[Start of Attachment]

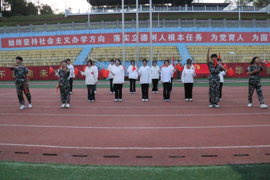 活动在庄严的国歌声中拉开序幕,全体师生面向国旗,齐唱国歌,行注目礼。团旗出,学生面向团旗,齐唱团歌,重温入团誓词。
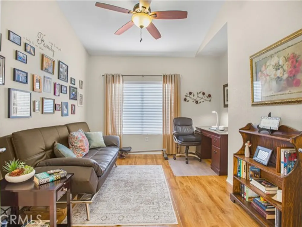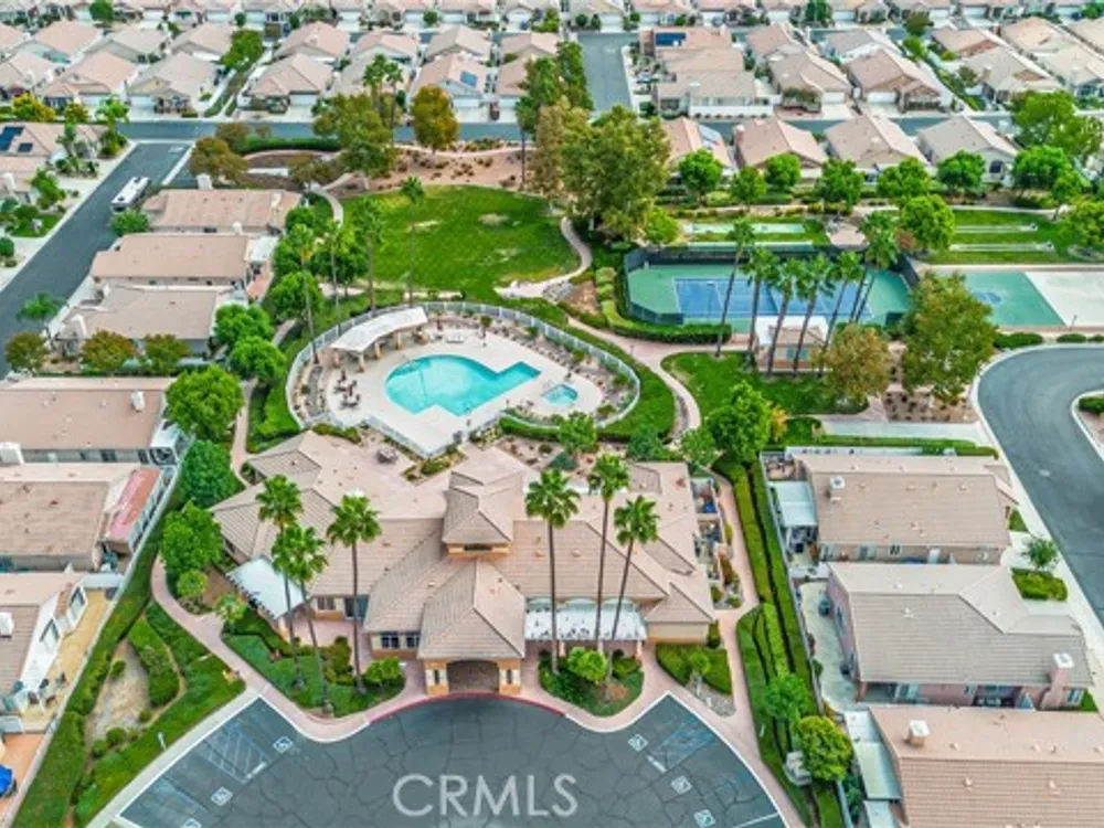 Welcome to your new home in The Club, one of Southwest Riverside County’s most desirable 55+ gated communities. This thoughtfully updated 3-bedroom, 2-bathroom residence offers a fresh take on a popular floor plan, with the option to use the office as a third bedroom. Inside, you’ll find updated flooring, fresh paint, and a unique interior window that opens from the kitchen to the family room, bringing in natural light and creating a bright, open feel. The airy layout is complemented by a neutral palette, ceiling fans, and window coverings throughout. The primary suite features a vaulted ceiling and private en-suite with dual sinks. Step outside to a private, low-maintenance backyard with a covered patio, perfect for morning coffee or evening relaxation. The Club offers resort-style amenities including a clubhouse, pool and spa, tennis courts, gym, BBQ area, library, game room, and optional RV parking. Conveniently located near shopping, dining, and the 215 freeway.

[End of Attachment]
[Start of Attachment]

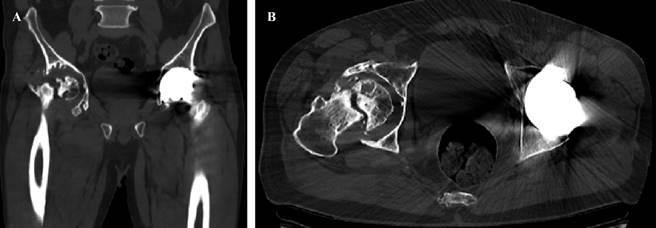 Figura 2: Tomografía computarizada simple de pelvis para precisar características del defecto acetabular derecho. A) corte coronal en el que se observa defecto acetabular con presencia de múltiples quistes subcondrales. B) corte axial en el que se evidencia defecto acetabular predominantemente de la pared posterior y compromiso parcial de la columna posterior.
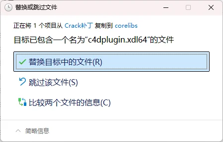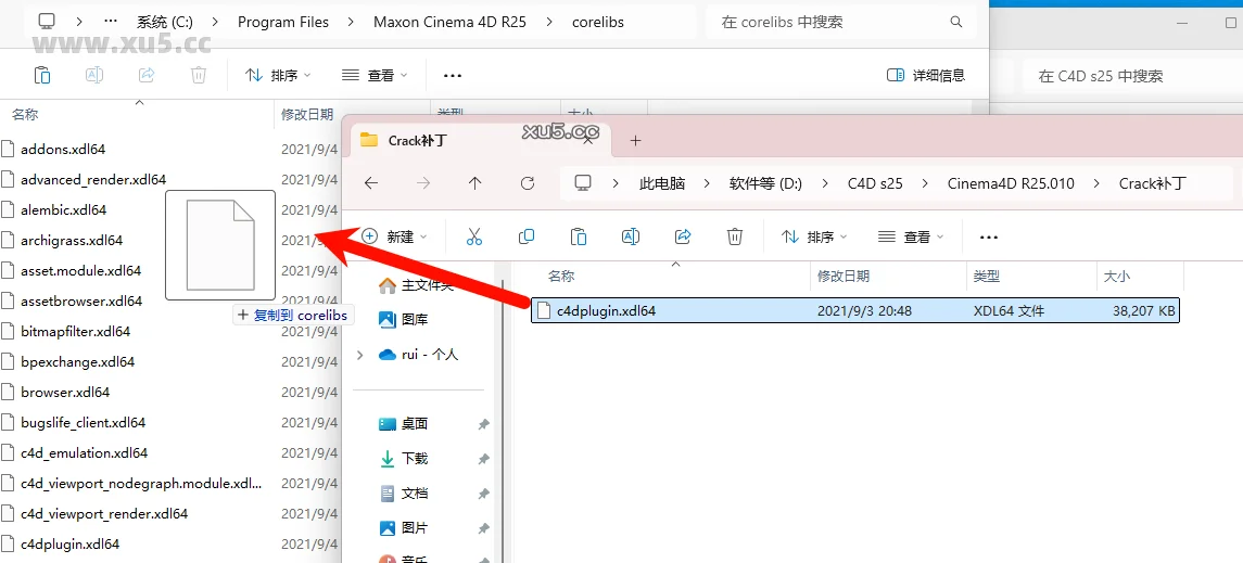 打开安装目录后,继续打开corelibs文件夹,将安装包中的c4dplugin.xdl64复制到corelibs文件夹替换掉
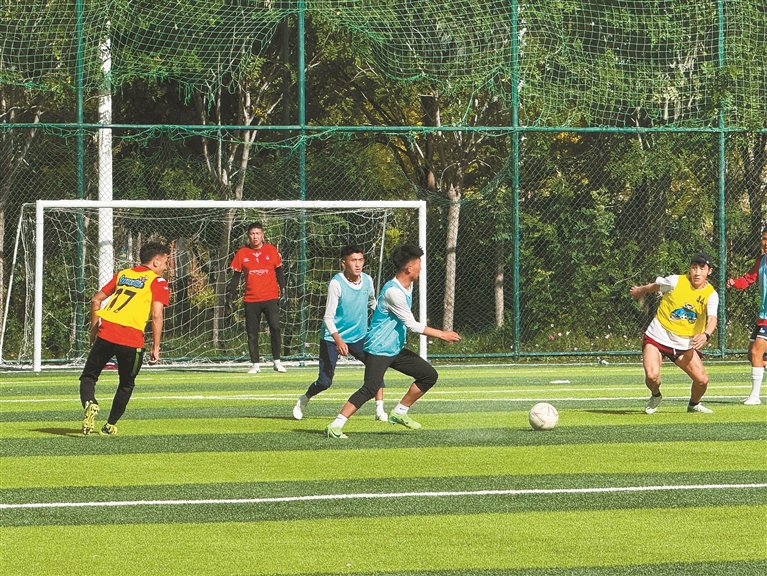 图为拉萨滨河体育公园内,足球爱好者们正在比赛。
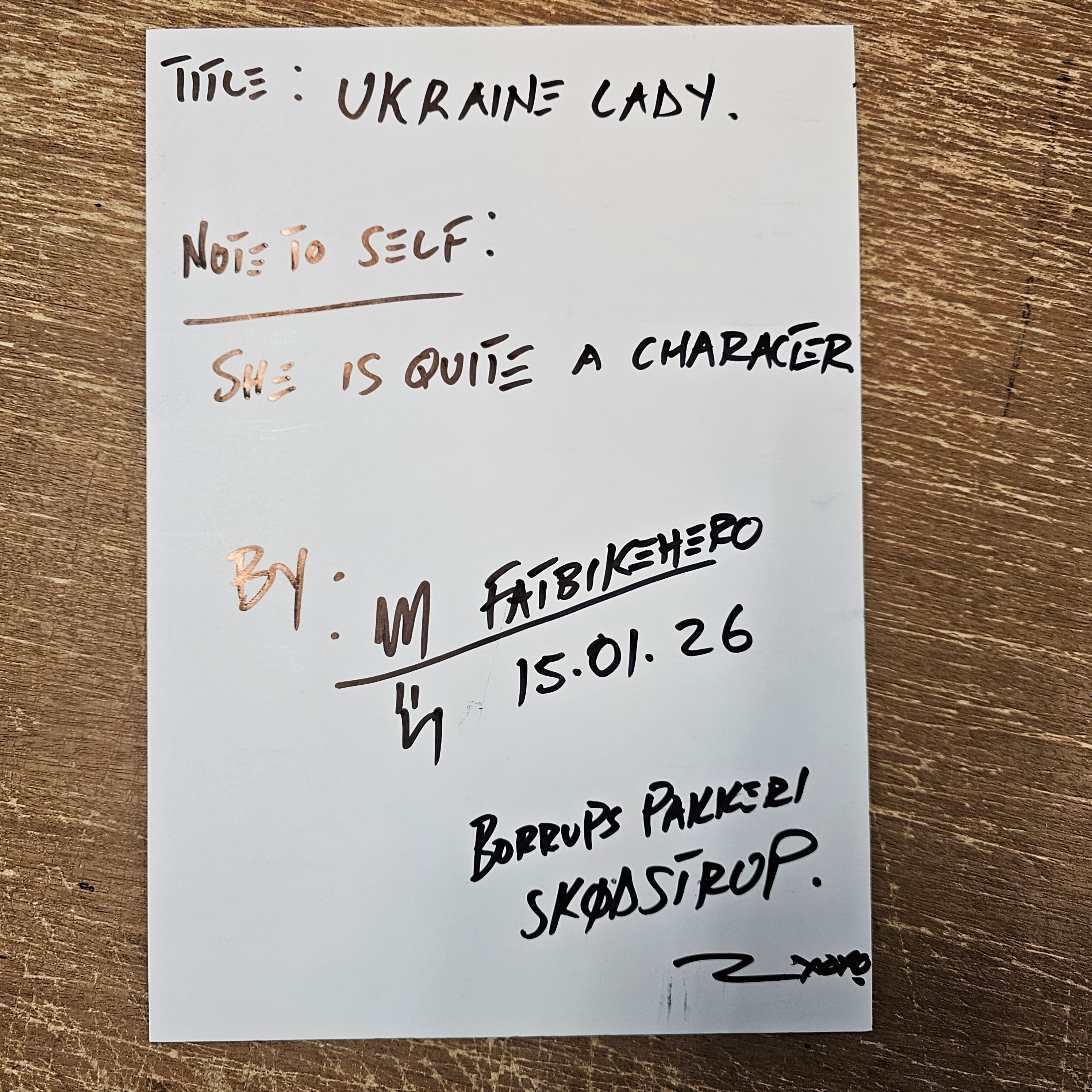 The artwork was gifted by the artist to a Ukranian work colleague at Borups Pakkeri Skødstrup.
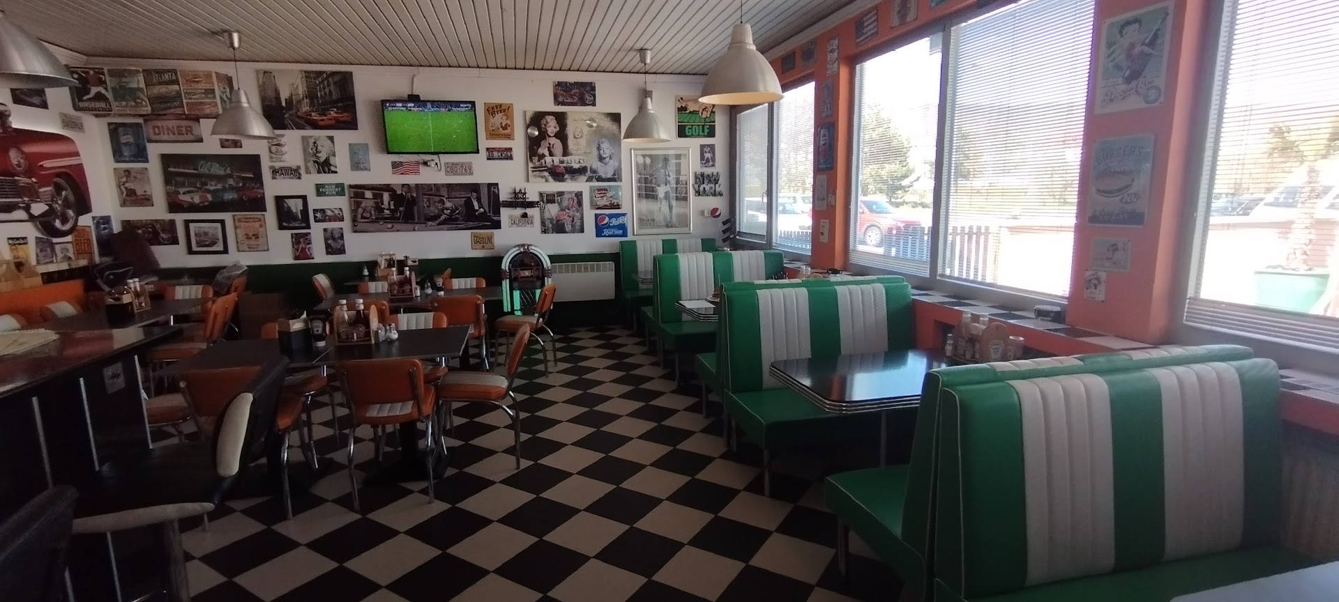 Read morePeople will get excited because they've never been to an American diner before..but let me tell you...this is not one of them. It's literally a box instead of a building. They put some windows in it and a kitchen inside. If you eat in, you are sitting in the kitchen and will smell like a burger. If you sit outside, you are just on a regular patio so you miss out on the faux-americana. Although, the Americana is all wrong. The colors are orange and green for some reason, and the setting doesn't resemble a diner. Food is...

[End of Attachment]
[Start of Attachment]

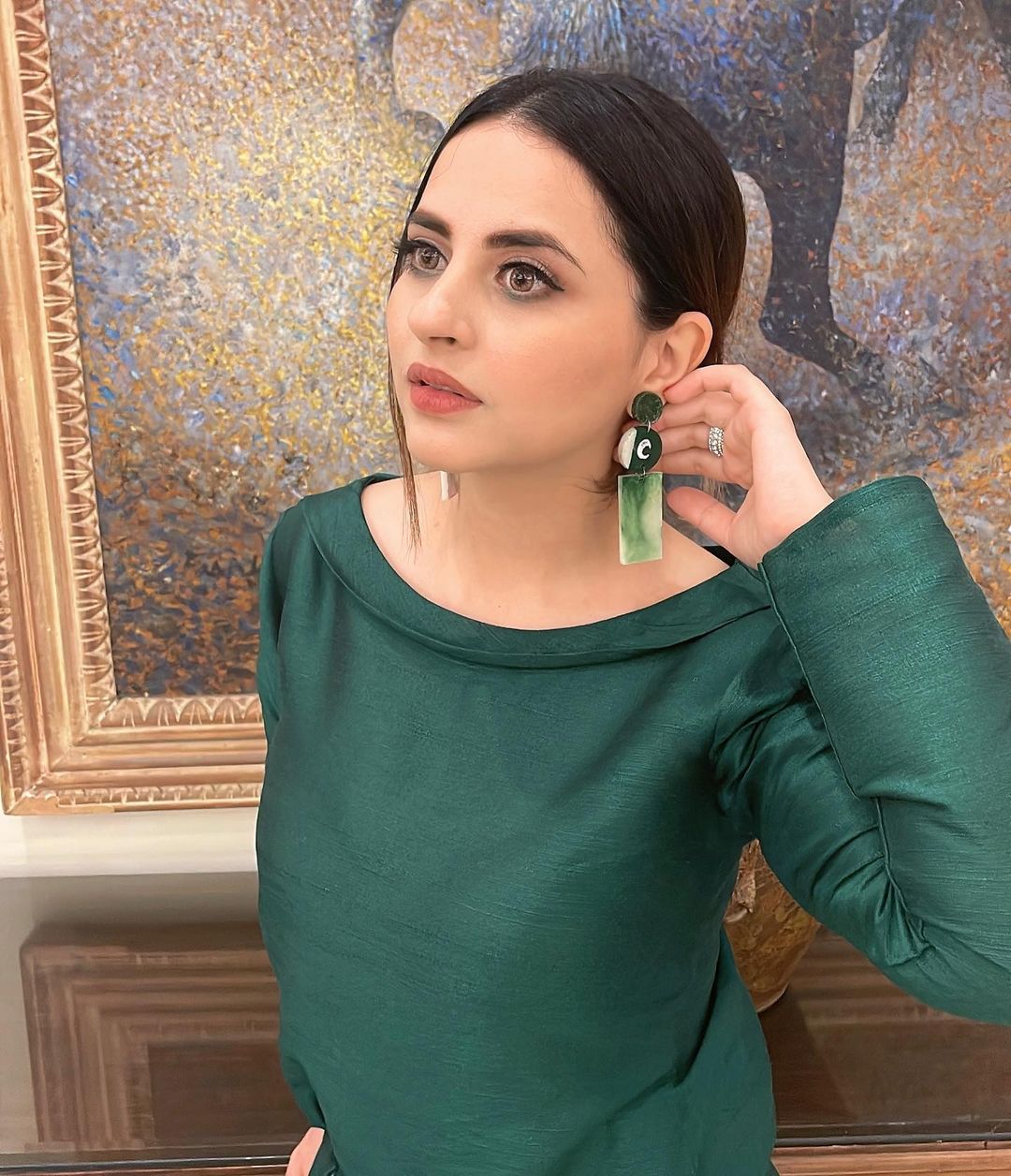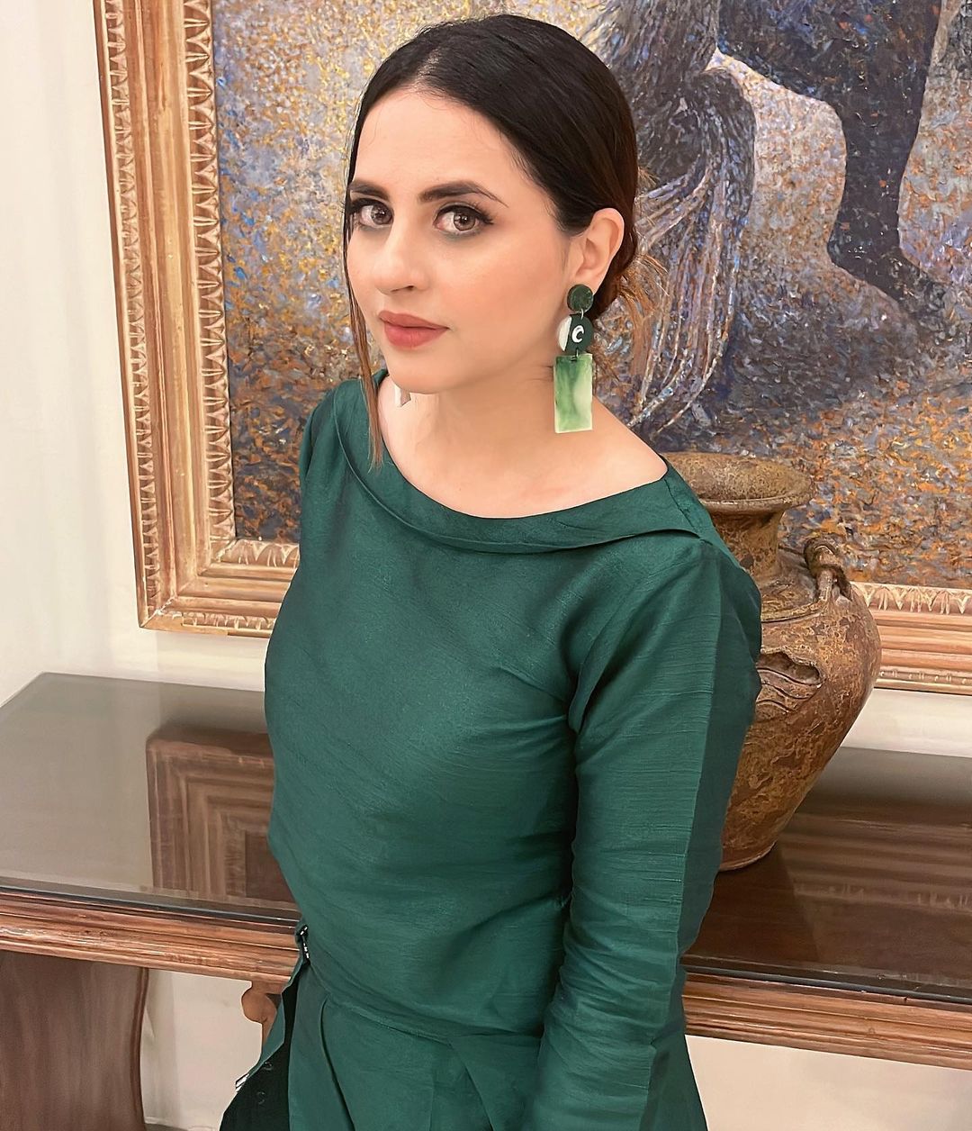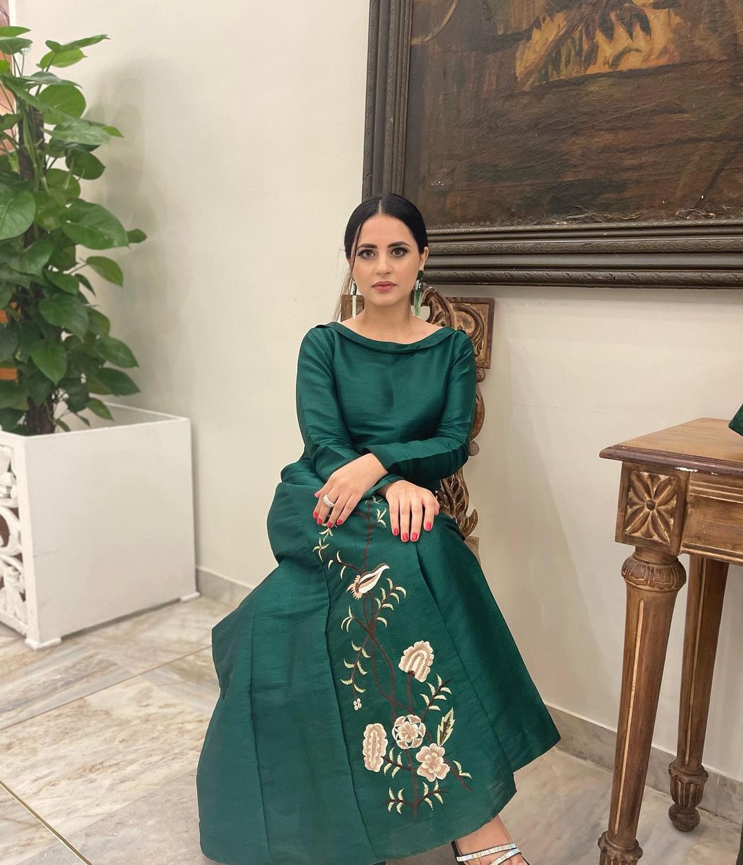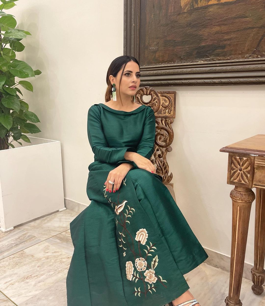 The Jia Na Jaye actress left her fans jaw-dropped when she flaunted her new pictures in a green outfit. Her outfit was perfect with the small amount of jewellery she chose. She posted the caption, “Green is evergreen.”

[End of Attachment]

> Task objective
Your answer should be the exact lines above from the one containing "活动在庄严的国歌声中拉开序幕" through the one containing "Welcome to your", with both end lines kept and the pictures removed, please.

> Answer space
 活动在庄严的国歌声中拉开序幕,全体师生面向国旗,齐唱国歌,行注目礼。团旗出,学生面向团旗,齐唱团歌,重温入团誓词。
 Welcome to your new home in The Club, one of Southwest Riverside County’s most desirable 55+ gated communities. This thoughtfully updated 3-bedroom, 2-bathroom residence offers a fresh take on a popular floor plan, with the option to use the office as a third bedroom. Inside, you’ll find updated flooring, fresh paint, and a unique interior window that opens from the kitchen to the family room, bringing in natural light and creating a bright, open feel. The airy layout is complemented by a neutral palette, ceiling fans, and window coverings throughout. The primary suite features a vaulted ceiling and private en-suite with dual sinks. Step outside to a private, low-maintenance backyard with a covered patio, perfect for morning coffee or evening relaxation. The Club offers resort-style amenities including a clubhouse, pool and spa, tennis courts, gym, BBQ area, library, game room, and optional RV parking. Conveniently located near shopping, dining, and the 215 freeway.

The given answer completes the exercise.